А как же всеобъемлющее небо? Назовем ли мы его космосом или иным
именем, которое окажется для него самым подходящим, мы во всяком случае
обязаны поставить относительно него вопрос, с которого должно начинать
рассмотрение любой вещи: было ли оно всегда, не имея начала своего
возникновения, или же оно возникло, выйдя из некоего начала?
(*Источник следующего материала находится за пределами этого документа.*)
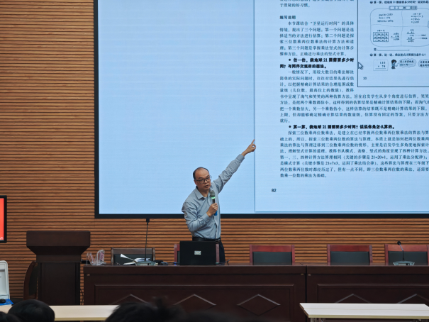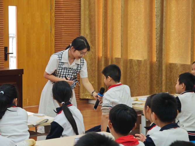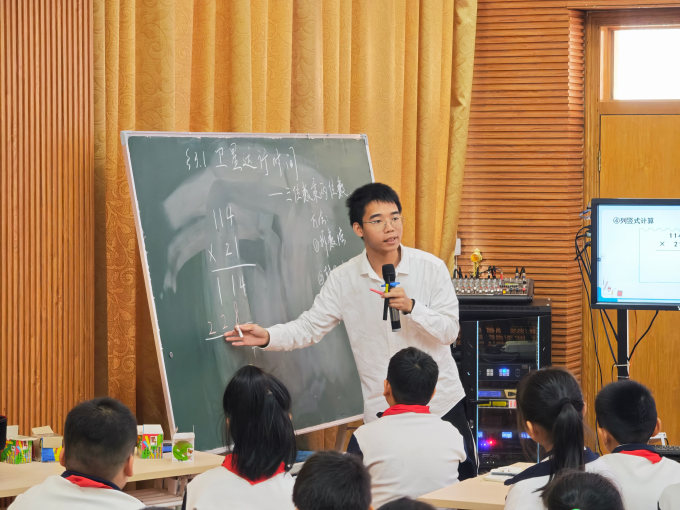 活动由黄巧娣老师主持,来自广东技术师范大学基础教育学院23级小学教育专业的两位同学分别进行了课例展示。廖婷婷同学执教语文课《盘古开天地》,以任务驱动引导学生自主学习,通过图文结合、小组合作等方式,帮助学生梳理神话故事的起因、经过与结果,感受盘古开天辟地的伟大精神;黄昊翔同学执教数学课《卫星运行时间》,围绕“三位数乘两位数”展开教学,通过生活情境引入、算法多样化探索与竖式聚焦,培养学生的运算能力与推理意识。

Оно возникло: вещь оно зримо, осязаемо, телесно, а все вещи такого
рода ощутимы и, воспринимаясь в результате ощущения мнением, возникают и
порождаются. Но мы говорим, что все возникшее нуждается для своего
возникновения в некоей причине. Конечно, творца и родителя этой Вселенной
нелегко отыскать, а если мы его и найдем, о нем нельзя будет всем
рассказывать. И все же поставим еще один вопрос относительно космоса:
взирая на какой первообраз работал тот, кто его устроил, — на тождественный
и неизменный или на имевший возникновение?
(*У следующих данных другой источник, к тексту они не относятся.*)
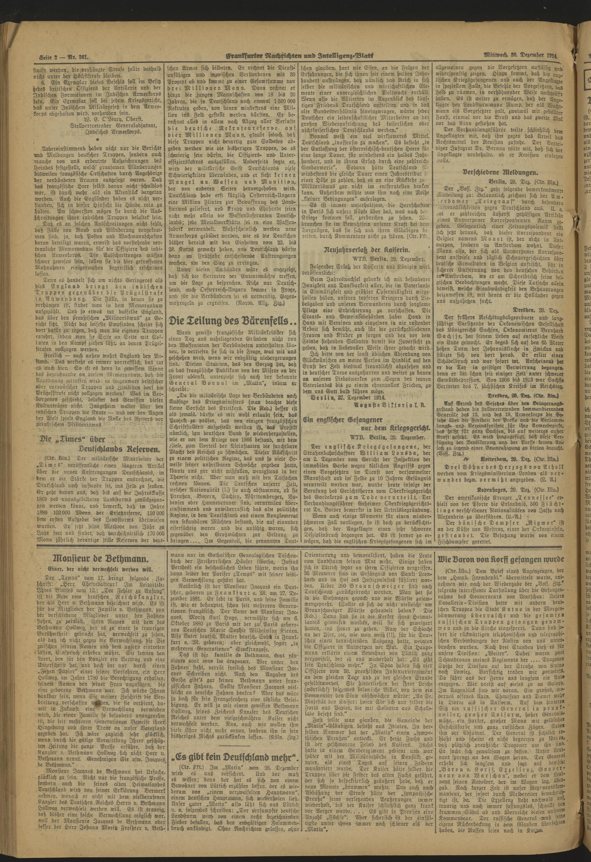 Frankfurter Nachrichten und Intelligenzblatt. 1914-1918

Если космос прекрасен, а его демиург добр, ясно, что он взирал на
вечное; если же дело обстояло так, что и выговорить-то запретно, значит, он
взирал на возникшее. Но для всякого очевидно, что первообраз был вечным:
ведь космос—прекраснейшая из возникших вещей, а его демиург - наилучшая из
причин. Возникши таким, космос был создан по тождественному и неизменному
образцу, постижимому с помощью рассудка и разума.
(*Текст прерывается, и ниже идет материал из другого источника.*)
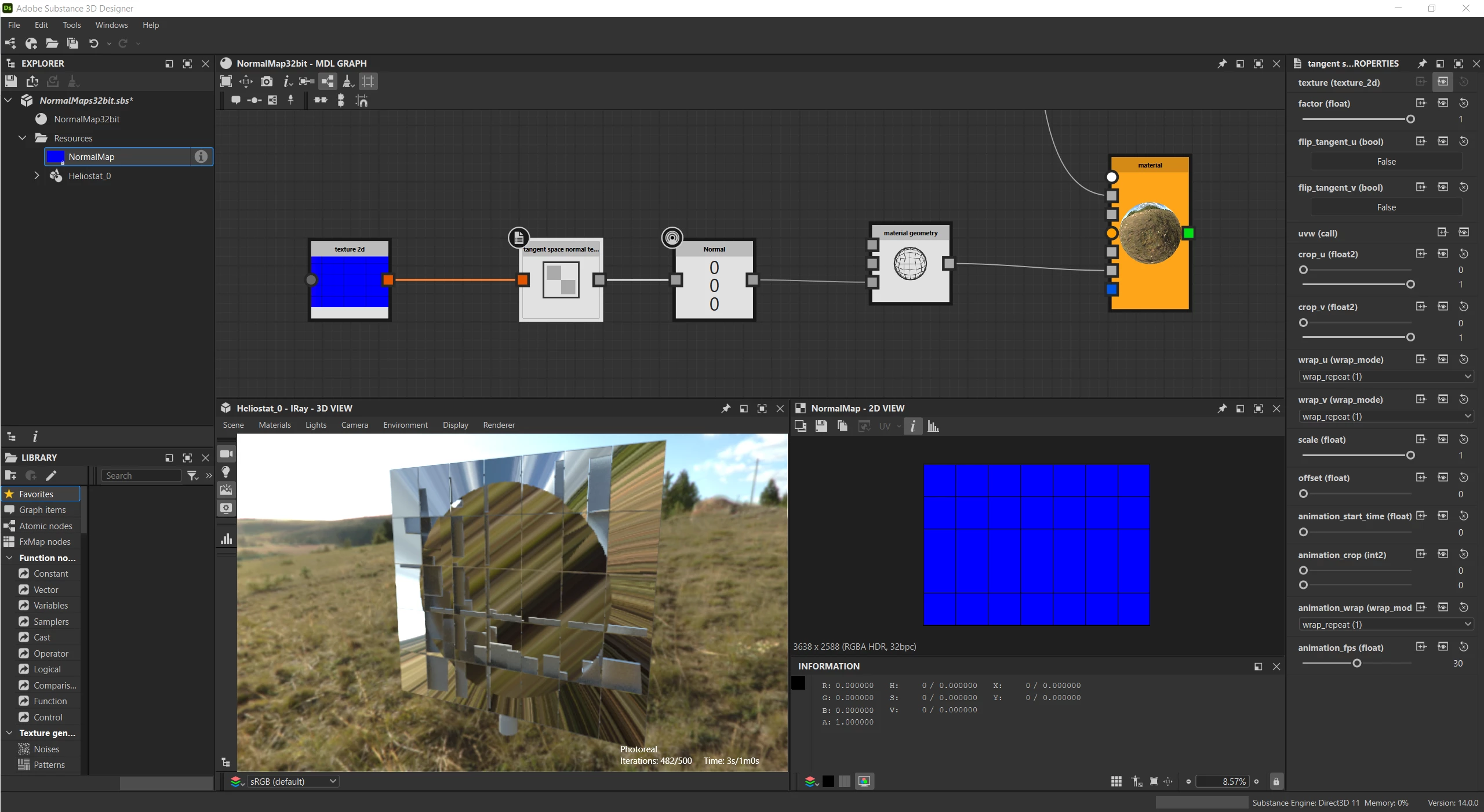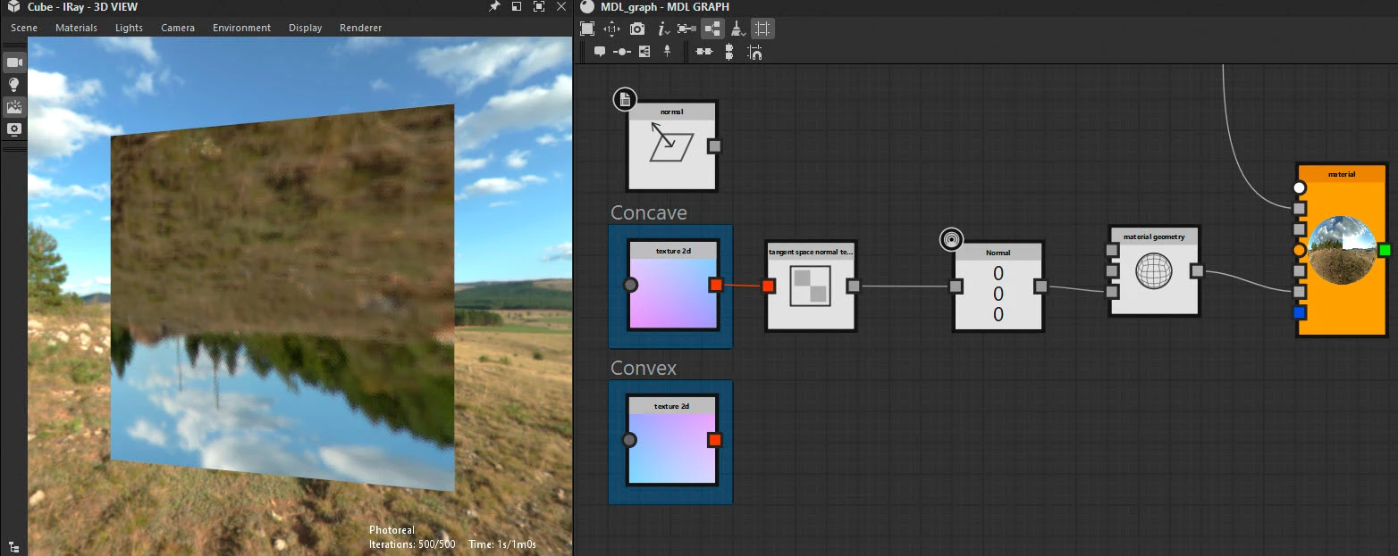 I am trying to use a 32-bit normal map (in the range [-1, 1]) to give a slight parabolic curvature to a mirror. I use tangent_space_normal_texture node to read the rgb channels as xyz normal components. The result is shown below: I should see the sceen slightly magnified.

Если это так, то в высшей степени необходимо, чтобы этот космос был
образом чего-то. Но в каждом рассуждении важно избрать сообразное с
природой начало. Поэтому относительно изображения и первообраза надо
принять вот какое различие: слово о каждом из них сродни тому предмету,
который оно изъясняет. О непреложном устойчивом и мыслимом предмете и слово
должно быть непреложным и устойчивым: в той мере, в какой оно может
обладать неопровержимостью и бесспорностью, ни одно из этих свойств не
должно быть утрачено.
Но о том, что лишь воспроизводит первообраз и являет собой лишь
подобие настоящего образа, и говорить можно не более как правдоподобно.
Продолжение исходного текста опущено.